Expert’s Apportionment Based on Marketing Material Word Count Excluded as Unreliable

The court granted plaintiff's motion to exclude the testimony of defendant's damages expert concerning apportionment because his "relative marketing emphasis theory" based on word counts of market materials was unreliable. "[Plaintiff] asserts that [defendant's expert] has employed a novel and untestable approach to further reduce the royalty rate to which [plaintiff] might be entitled. . . . [The expert] counted the total words in certain sections of the marketing brochures and then selected certain words which related to the asserted patents.
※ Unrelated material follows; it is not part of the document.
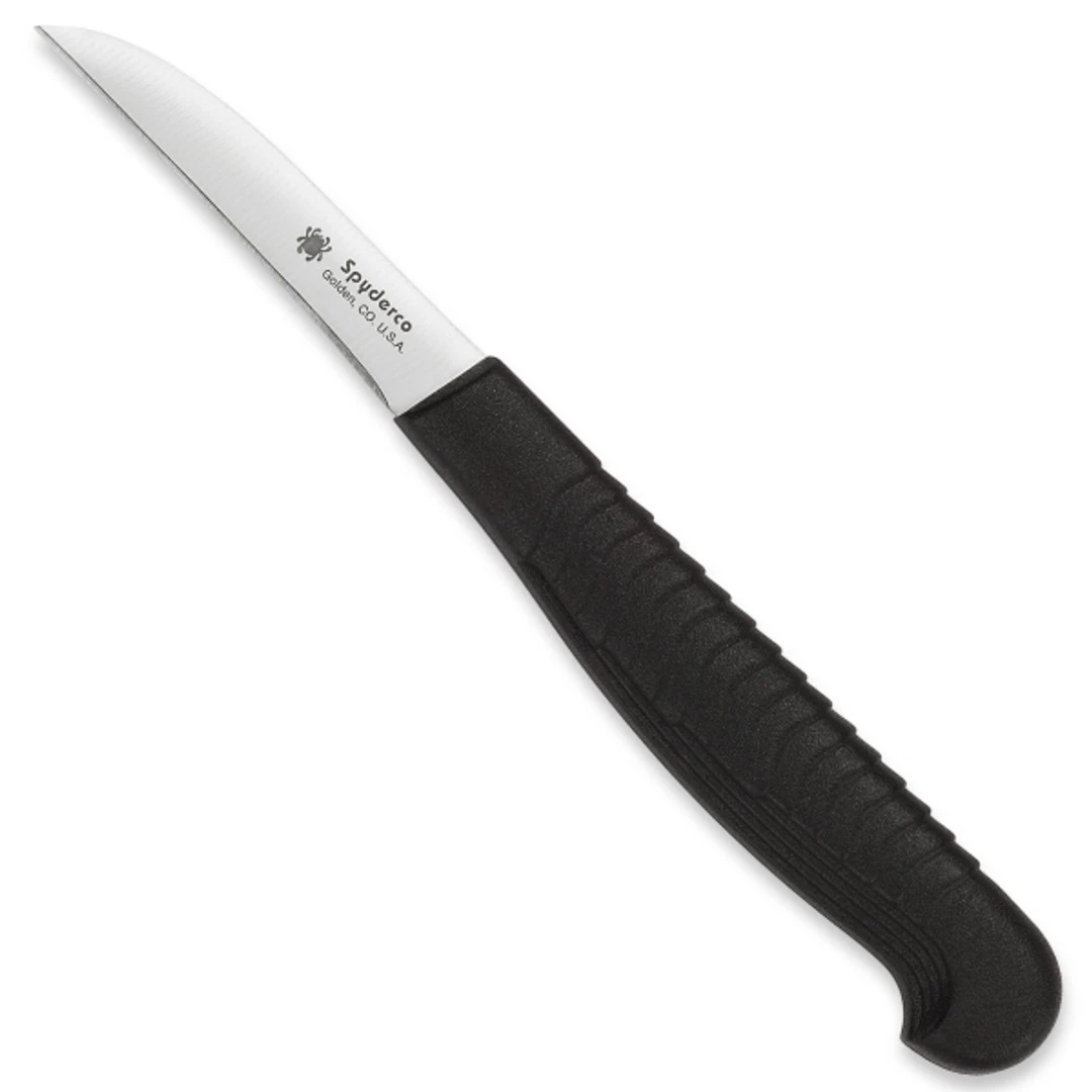The Spyderco Black Mini Paring Knife boasts all the distinctive features that Spyderco is known for along with several improvements. The K09PBK boasts a 2 1/4 inch, Plain Edge drop point blade making it an ideal go to knife for homes and commercial kitchens. Versatile and adaptable, this knife is perfect for a wide range of kitchen cutting chores and utility applications. The premium MBS-26 stainless steel is ground incredibly thin and treated for optimal cutting performance. The black handle is durable polypropylene molded directly onto the tang. It has a distinctive stepped texture pattern that gives incredible control and comfort while using.
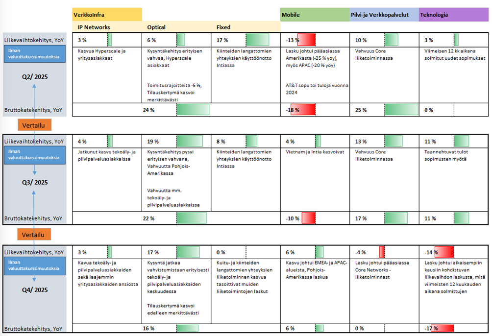 Optiset verkot jatkaa hyvää kehitystä, IP ei ole oikein tullut läpi. Hyvää myös että vihdoin mobilen bruttokehitys myönteistä. Patentit laskivat reilusti sillä vuosi sitten paljon taannehtuvia tuloja.

He then counted the number of chosen words and calculated the proportion of these words to all words to assign a value to solely the patented features in the Accused Devices. . . . [I]t is unclear whether the sophisticated buyers of the Accused Devices rely on these marketing brochures in deciding whether to purchase the products. [Defendant] has not presented any evidence to tie the specific portions of the marketing brochures to the asserted patents. Neither [the expert] nor [defendant] has been able to point the Court to this type of methodology being accepted by or even utilized by other courts or experts in this field. [The expert] himself acknowledged that there was no way to calculate an error rate using this methodology.. . . [The expert's] methodology cannot be tested, has not been subjected to peer review, has no known error rate, and, as far as the Court is aware, has not been generally accepted in the relevant scientific community. These are deficits that cannot be cured on cross-examination."

Omega Patents, LLC v. Calamp Corp., 6-13-cv-01950 (FLMD December 23, 2015, Order) (Byron, J.)